Each record should reappear exactly in your answer, minus any picture.
Data supplied Start Marker
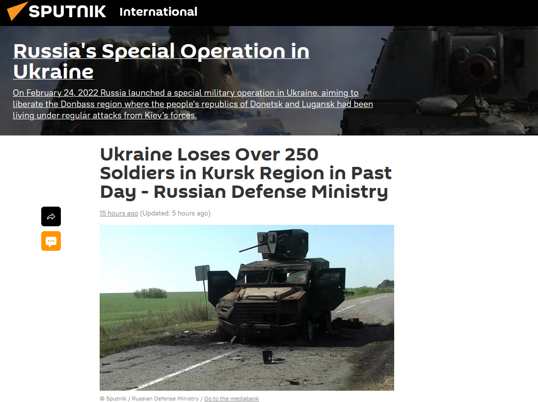 The Ukrainian armed forces lost over 250 soldiers in the western Russian region of Kursk over the past day, the Russian Defense Ministry said on Saturday.
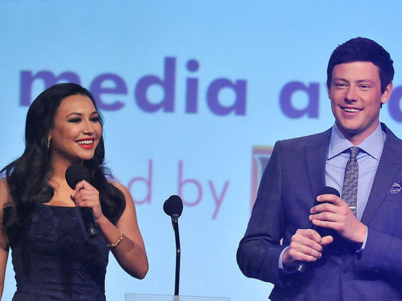 Naya Rivera y Cory Monteith durante un acto en 2012
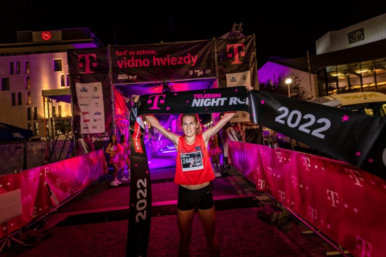 Ženská víťazka Žofia Naňová počas 14. ročníka bežeckého podujatia Telekom Night Run, ktorý sa uskutočnil 3. septembra v Bratislave. Foto: SITA/Be Cool
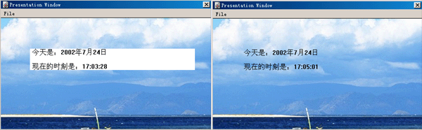 單擊工具欄中的運行按鈕,可以看到運行效果,但是,結果并不令人滿意:首先文字下有一塊白區域遮住背景,很不美觀;其次時間并不跳動。
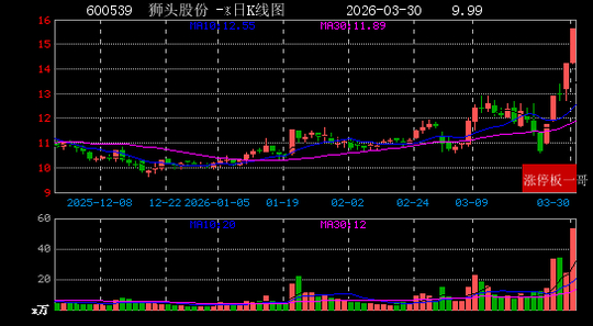2、狮头股份(600539)(9.99%)
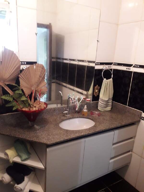 01 Banho social com bancada em granito, armário, box em blindex, espelho e piso em cerâmica.
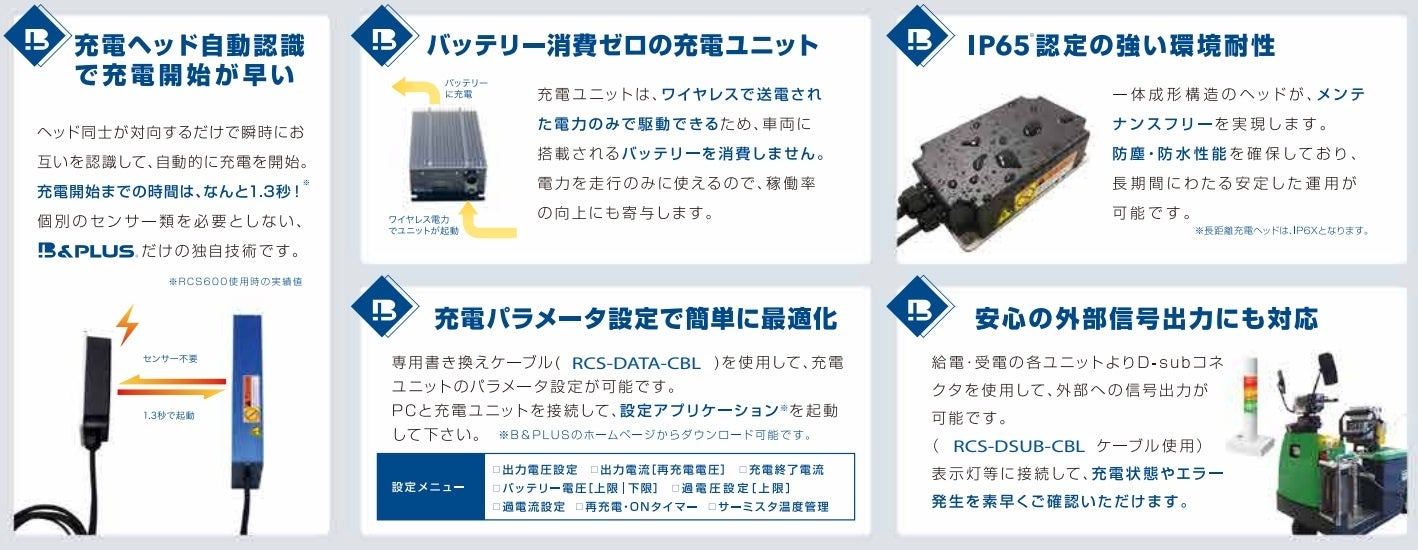 RCSシリーズでは、対向時の起動時間やIP65の防水ヘッド、バッテリーからの消費ゼロなど様々な特徴を有しています。低床型AGV向けワイヤレス充電は、それらの特徴をそのまま継承し、使い勝手が非常に高い製品です!
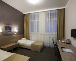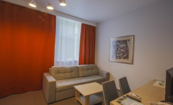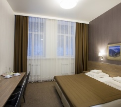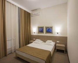 Уютный номер с удобной современной мебелью. Одна полутораспальная или двуспальная кровать (ортопедический матрас производства Германия с чехлом из высококачественного гипоаллергенного жаккарда), туалетный столик, встроенный холодильник, ЖК-телевизор, кондиционер, кресла, прикроватные тумбы, в прихожей встроенный шкаф для одежды, сейф.
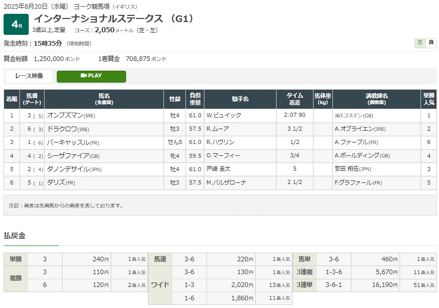 日本時間の水曜深夜に行われたインターナショナルS(G1)は、強烈な末脚を披露した1番人気オンブズマンが2着ドラクロワに3馬身半の差をつけて圧勝。前走のエクリプスS(G1)で不覚を取った借りを返すことに成功した。4.5キロあった斤量の差が3.5キロに減ったこともリベンジの背中を押したのだろう。
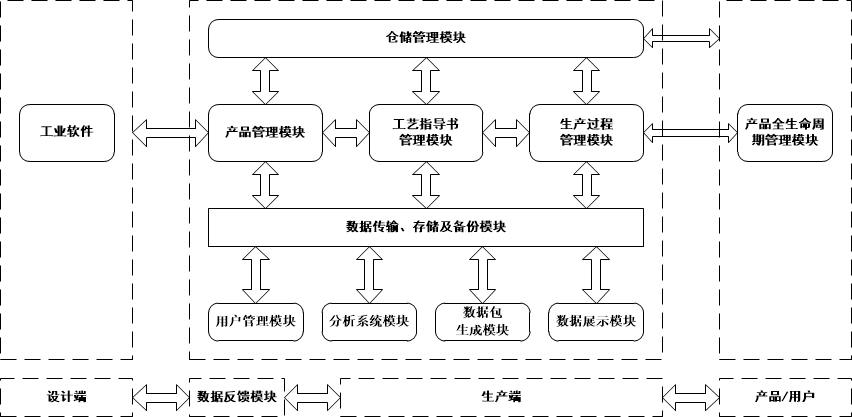 行波管数字化制造信息管理系统采用以“设计”为核心、将设计与制造融合的数字化制造架构,衔接设计端和生产端。该方案集成了数据传输、存储、用户管理、仓储管理、产品管理、电子化生产工艺指导管理、生产过程管理、数据分析等多个功能模块,实现了对空间行波管生产全过程的监控和管理。
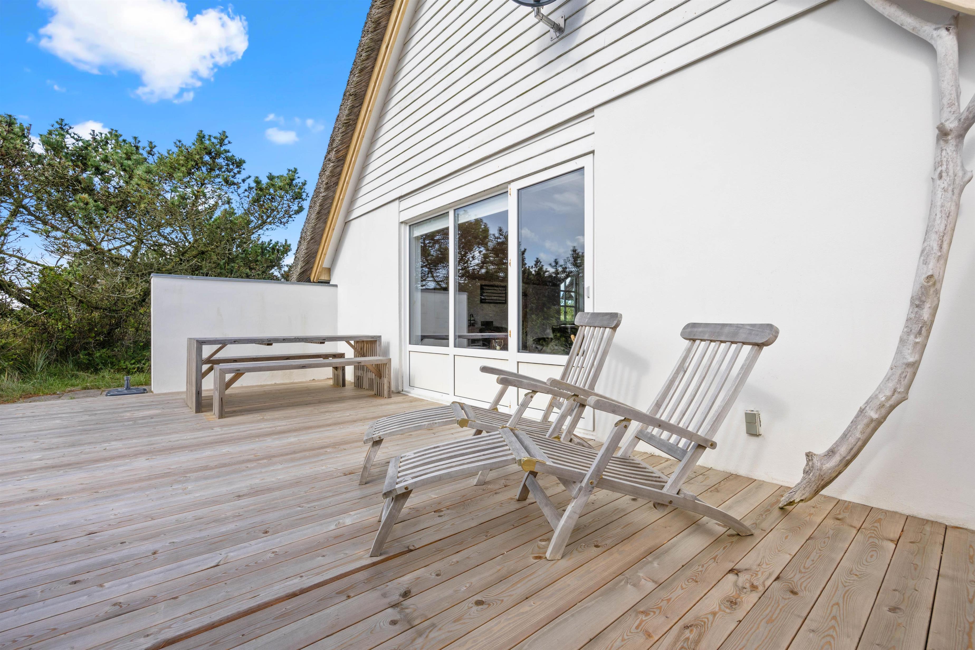 Omkring sommerhuset ligger der fliser, der forbinder sommerhusets forskellige terrasser. Med flere terrasser til rådighed vil I altid kunne finde en skøn plads i solen, hvor I kan finde jer til rette i havemøbler og liggestole.
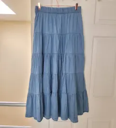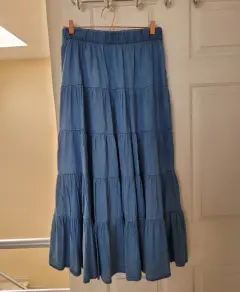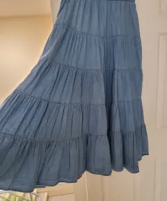 Falda en tela tipo denim, 100% algodón, largo midi, con elastico en cintura, largo total 97 cm, talla L
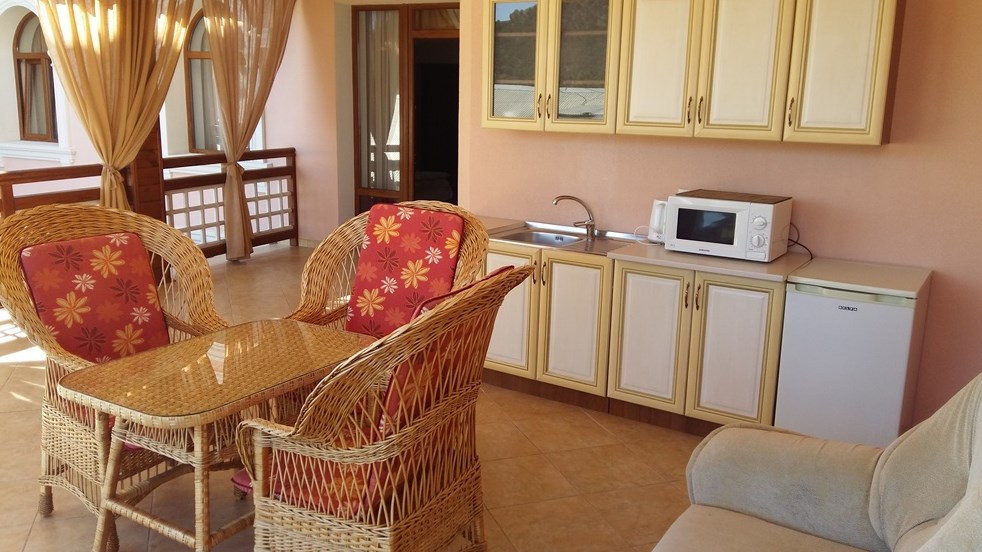 Номер люкс с большой террасой №2. Индивидуальная терраса: 37 кв.м, 2-й этаж, частичный вид на море. На террасе есть мини-кухня, микроволновая печь, чайник, летняя мебель.
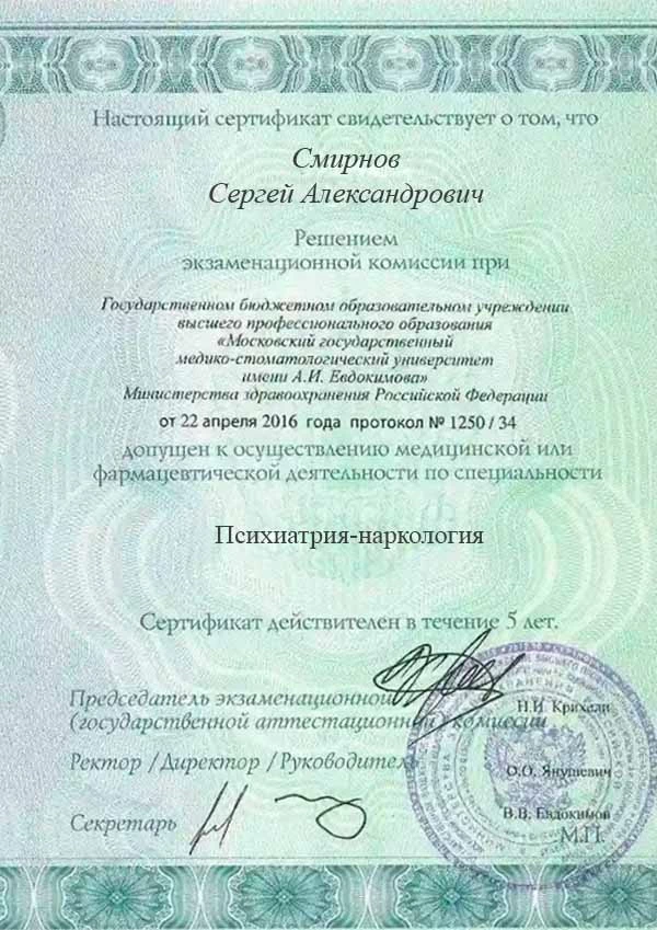 • 2018 г. — Сертификат специалиста: ФГБОУ ВО «РНИМУ имени Н.И. Пирогова» Минздрава России (психиатрия-наркология).
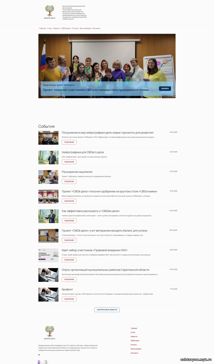 Модернизация сайта АНО "Доброе дело":
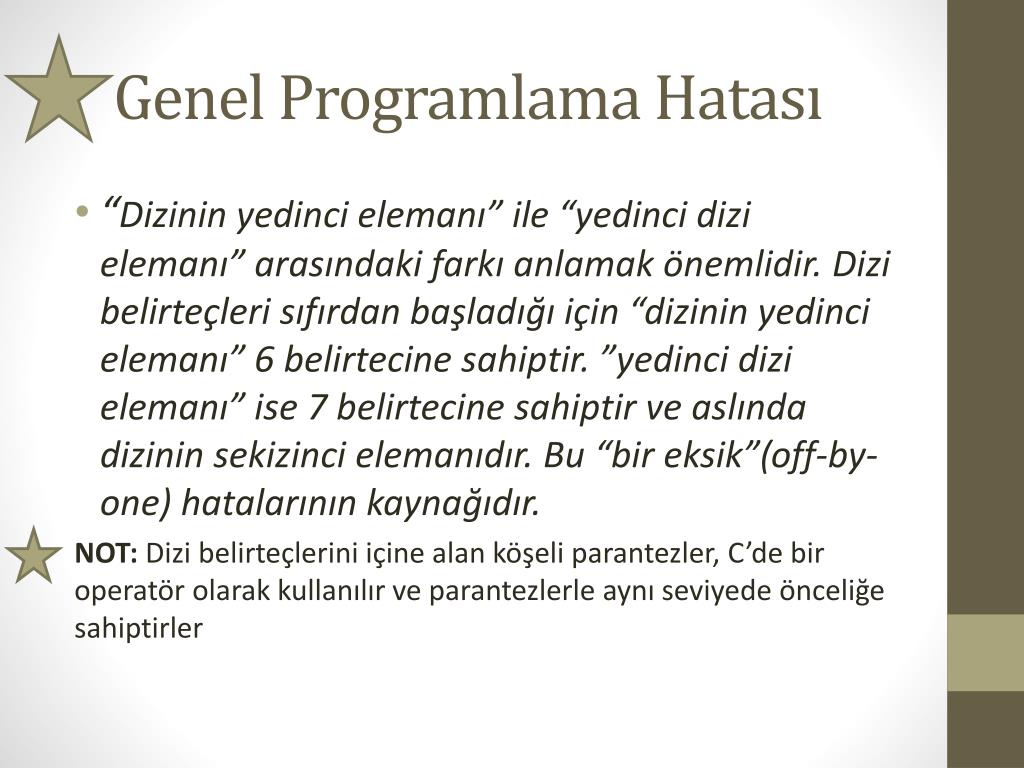 Genel Programlama Hatası • “Dizinin yedinci elemanı” ile “yedinci dizi elemanı” arasındaki farkı anlamak önemlidir. Dizi belirteçleri sıfırdan başladığı için “dizinin yedinci elemanı” 6 belirtecine sahiptir. ”yedinci dizi elemanı” ise 7 belirtecine sahiptir ve aslında dizinin sekizinci elemanıdır. Bu “bir eksik”(off-by-one) hatalarının kaynağıdır. NOT: Dizi belirteçlerini içine alan köşeli parantezler, C’de bir operatör olarak kullanılır ve parantezlerle aynı seviyede önceliğe sahiptirler
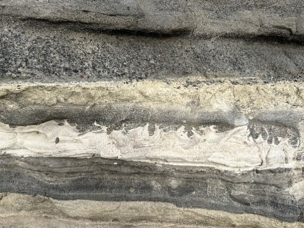長津呂湾奥の周辺で軽食休憩を取り、馬の背洞門を目指します。地層の傾斜はさらに緩やかになり、南岸では逆向きに傾く、つまり向斜軸が確認できます。地質構造には斜交層理が目立つようになり、堆積場が極めて浅くなってきたことがわかります。
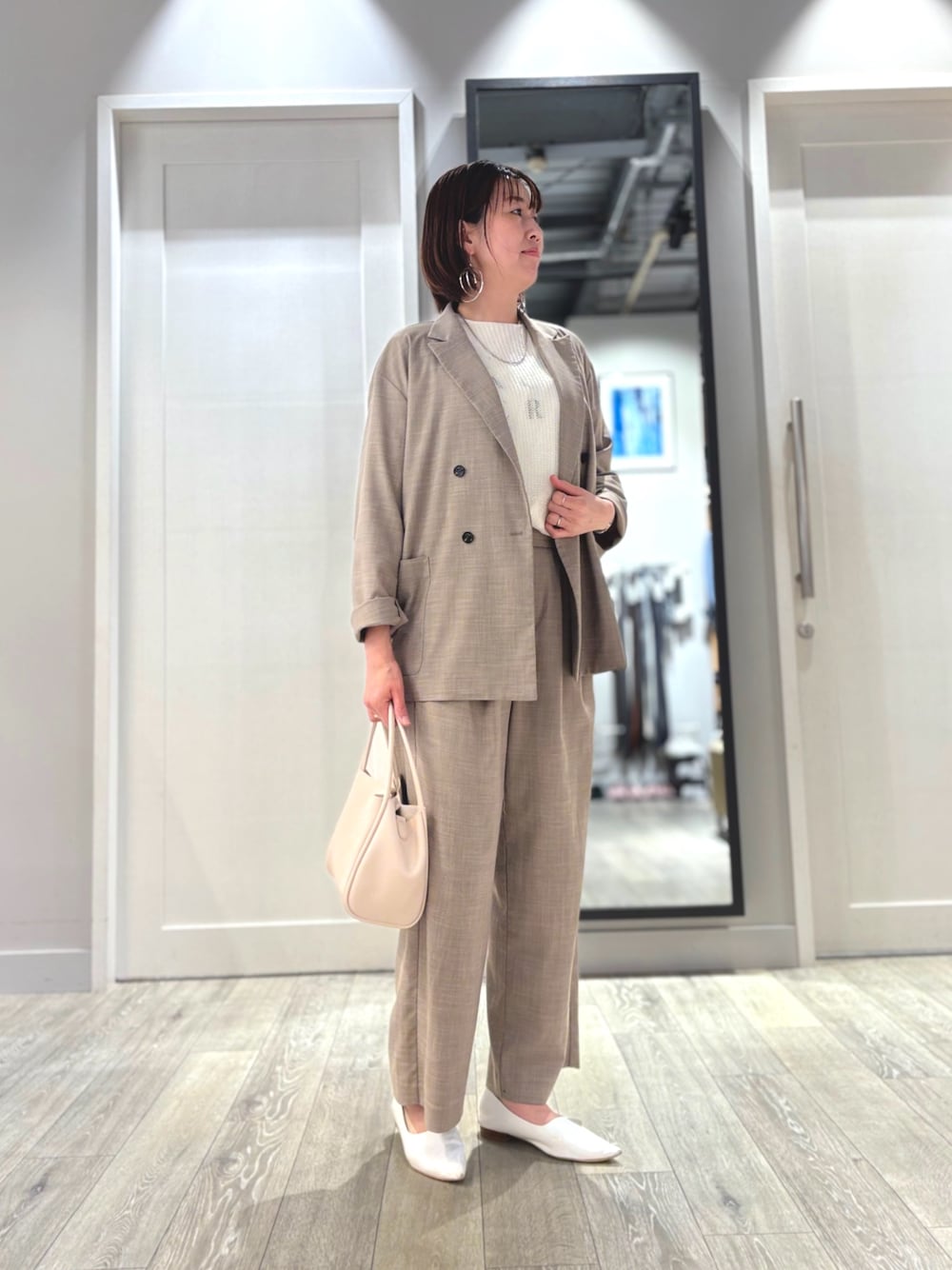 ジャケットは、ゆったりとしていてTシャツ合わせから、お仕事まで使いやすいです。 パンツもタックが入っていてラインがキレイです。 お手入れも自宅で出来て便利◎ リネンシアーニットはゆったりとしていて重ね着しやすく、インするとすっきり見えして、色々なボトムに合わせやすいです。 よろしかったら商品紹介ページをご覧ください。
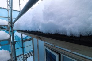 この地域は積雪1.5mです。長期優良住宅で構造計算もなっていますので安心です。でも1.5mも雪が積もったら嫌ですよね。さすがに雪下ろしをしないと心配です。
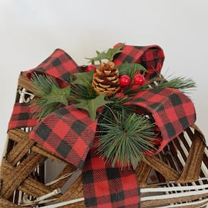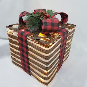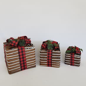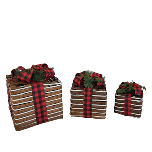 KIT COM 3 CAIXAS DE PRESENTES, ESTRUTURA DE METAL REVESTIDA COM FITA SINTÉTICA MARROM E BRANCA, ILUMINAÇÃO COM LEDS ( 3 PILHAS AA CADA CAIXA) E ARRANJO CONTENDO: 1 LAÇO COM FITA XADREZ, PINHA NATURAL, GALHOS VERDES E MINI FRUTINHAS VERMELHAS.
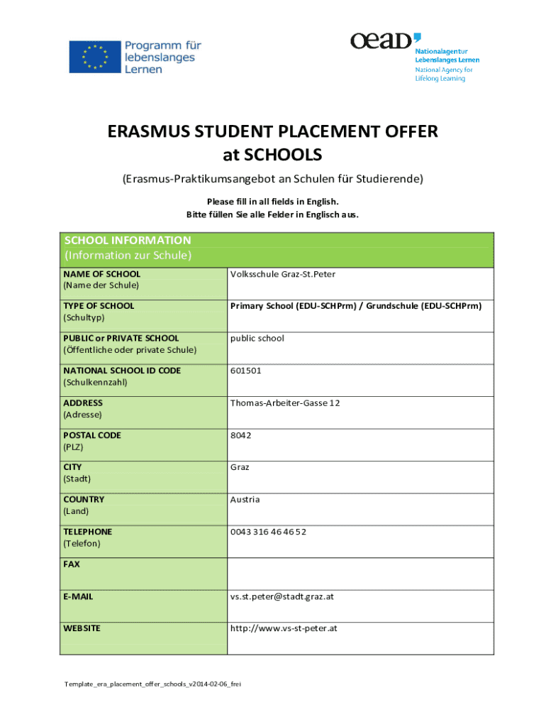 Get the free Erasmus Student Placement Offer at Schools - www2 cmepius
Data supplied End Marker
▸ Response area
 The Ukrainian armed forces lost over 250 soldiers in the western Russian region of Kursk over the past day, the Russian Defense Ministry said on Saturday.
 Naya Rivera y Cory Monteith durante un acto en 2012
 Ženská víťazka Žofia Naňová počas 14. ročníka bežeckého podujatia Telekom Night Run, ktorý sa uskutočnil 3. septembra v Bratislave. Foto: SITA/Be Cool
 單擊工具欄中的運行按鈕,可以看到運行效果,但是,結果并不令人滿意:首先文字下有一塊白區域遮住背景,很不美觀;其次時間并不跳動。
2、狮头股份(600539)(9.99%)
 01 Banho social com bancada em granito, armário, box em blindex, espelho e piso em cerâmica.
 RCSシリーズでは、対向時の起動時間やIP65の防水ヘッド、バッテリーからの消費ゼロなど様々な特徴を有しています。低床型AGV向けワイヤレス充電は、それらの特徴をそのまま継承し、使い勝手が非常に高い製品です!
 Уютный номер с удобной современной мебелью. Одна полутораспальная или двуспальная кровать (ортопедический матрас производства Германия с чехлом из высококачественного гипоаллергенного жаккарда), туалетный столик, встроенный холодильник, ЖК-телевизор, кондиционер, кресла, прикроватные тумбы, в прихожей встроенный шкаф для одежды, сейф.
 日本時間の水曜深夜に行われたインターナショナルS(G1)は、強烈な末脚を披露した1番人気オンブズマンが2着ドラクロワに3馬身半の差をつけて圧勝。前走のエクリプスS(G1)で不覚を取った借りを返すことに成功した。4.5キロあった斤量の差が3.5キロに減ったこともリベンジの背中を押したのだろう。
 行波管数字化制造信息管理系统采用以“设计”为核心、将设计与制造融合的数字化制造架构,衔接设计端和生产端。该方案集成了数据传输、存储、用户管理、仓储管理、产品管理、电子化生产工艺指导管理、生产过程管理、数据分析等多个功能模块,实现了对空间行波管生产全过程的监控和管理。
 Omkring sommerhuset ligger der fliser, der forbinder sommerhusets forskellige terrasser. Med flere terrasser til rådighed vil I altid kunne finde en skøn plads i solen, hvor I kan finde jer til rette i havemøbler og liggestole.
 Falda en tela tipo denim, 100% algodón, largo midi, con elastico en cintura, largo total 97 cm, talla L
 Номер люкс с большой террасой №2. Индивидуальная терраса: 37 кв.м, 2-й этаж, частичный вид на море. На террасе есть мини-кухня, микроволновая печь, чайник, летняя мебель.
 • 2018 г. — Сертификат специалиста: ФГБОУ ВО «РНИМУ имени Н.И. Пирогова» Минздрава России (психиатрия-наркология).
 Модернизация сайта АНО "Доброе дело":
 Genel Programlama Hatası • “Dizinin yedinci elemanı” ile “yedinci dizi elemanı” arasındaki farkı anlamak önemlidir. Dizi belirteçleri sıfırdan başladığı için “dizinin yedinci elemanı” 6 belirtecine sahiptir. ”yedinci dizi elemanı” ise 7 belirtecine sahiptir ve aslında dizinin sekizinci elemanıdır. Bu “bir eksik”(off-by-one) hatalarının kaynağıdır. NOT: Dizi belirteçlerini içine alan köşeli parantezler, C’de bir operatör olarak kullanılır ve parantezlerle aynı seviyede önceliğe sahiptirler
長津呂湾奥の周辺で軽食休憩を取り、馬の背洞門を目指します。地層の傾斜はさらに緩やかになり、南岸では逆向きに傾く、つまり向斜軸が確認できます。地質構造には斜交層理が目立つようになり、堆積場が極めて浅くなってきたことがわかります。
 ジャケットは、ゆったりとしていてTシャツ合わせから、お仕事まで使いやすいです。 パンツもタックが入っていてラインがキレイです。 お手入れも自宅で出来て便利◎ リネンシアーニットはゆったりとしていて重ね着しやすく、インするとすっきり見えして、色々なボトムに合わせやすいです。 よろしかったら商品紹介ページをご覧ください。
 この地域は積雪1.5mです。長期優良住宅で構造計算もなっていますので安心です。でも1.5mも雪が積もったら嫌ですよね。さすがに雪下ろしをしないと心配です。
 KIT COM 3 CAIXAS DE PRESENTES, ESTRUTURA DE METAL REVESTIDA COM FITA SINTÉTICA MARROM E BRANCA, ILUMINAÇÃO COM LEDS ( 3 PILHAS AA CADA CAIXA) E ARRANJO CONTENDO: 1 LAÇO COM FITA XADREZ, PINHA NATURAL, GALHOS VERDES E MINI FRUTINHAS VERMELHAS.
 Get the free Erasmus Student Placement Offer at Schools - www2 cmepius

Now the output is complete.